We now collect $1.7 billion per year in mental health money under recently enacted Proposition 63 - and it is accumulating. One stated priority here is mental health prevention and transition to adulthood from age 18 to 26. What population more fits this initiative's stated purposes? But these foster kids are not organized to lobby for that money, and their share is likely to be negligible.

We have heard the same song from legislators for the past 17 years of lobbying for children. "We just do not have any money. . . . Impossible. Wish we could help."

Meanwhile, both parties ignore the $30 billion in annual state tax "expenditures" (special favors), and also the federal tax reductions giving California taxpayers more than $37 billion a year since 2003. About 1 percent of either of these sources would provide prevention investment, adequate family foster care placements and more adoptions, and an eight-fold increase in assistance to emancipating foster kids - simply matching what private parents provide for their children.

That would discharge the state's parental duties responsibly and earn it a B or better. But none of these proposals is on the table.

Rather, both parties support $75 million for a February 2008 primary to vitiate the term limits for the Assembly and Senate leadership and for national attention and political ego gratification. They can find money for that, although we already have an election scheduled in June - just four months later.

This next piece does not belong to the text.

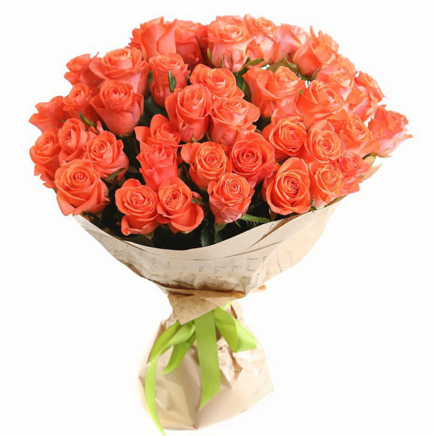 Состав: Упаковка для букета: крафт-бумага, Роза оранжевая 60 см 51шт.

The prison guards get legislative attention, as do most groups with political money. The Assembly budget included $145 million in new tax breaks over three years for multinational Hollywood corporations. We added $45 million in yacht tax breaks. Foster kids do not attend too many fundraisers.

So who is representing these children and their primary needs? To be intended at the start, to have a personal relationship with someone who they know will stay up all night worrying if they screw up, and to help achieve self-sufficiency in the years between 18 and 26? Children had their champions in 2007 - Karen Bass, Darrell Steinberg, Carole Migden, Noreen Evans, Bill Maze, Mark Leno, Jim Beall, Dave Jones, among others.

But the Big Five making the real decisions at the end are not among them - the two top Democratic and Republican legislators and the governor.

Foster kids usually get orphaned at the end of each session by a device called the "suspense file." It happened again this year, with a dozen bills - costing even a trivial amount of money. Bills are introduced with fanfare, win big votes in policy committee and one house, only to be marooned in the appropriations committees - where they are killed without a vote by a confidential decision of the legislative leadership. But the leadership of our state gives high praise and low priority to these children of the state, their own children.

So who is at fault? In a democracy, we can point fingers. But in the final analysis, it is our failure. We allow it to happen, and we countenance it year after year without political consequence for those who are designedly our servants. The grade of D for the Legislature implies a similar judgment for those who continue to elect them.

- Robert C. Fellmeth is the Price Professor of Public Interest Law and the director of the Children's Advocacy Institute at the University of San Diego School of Law.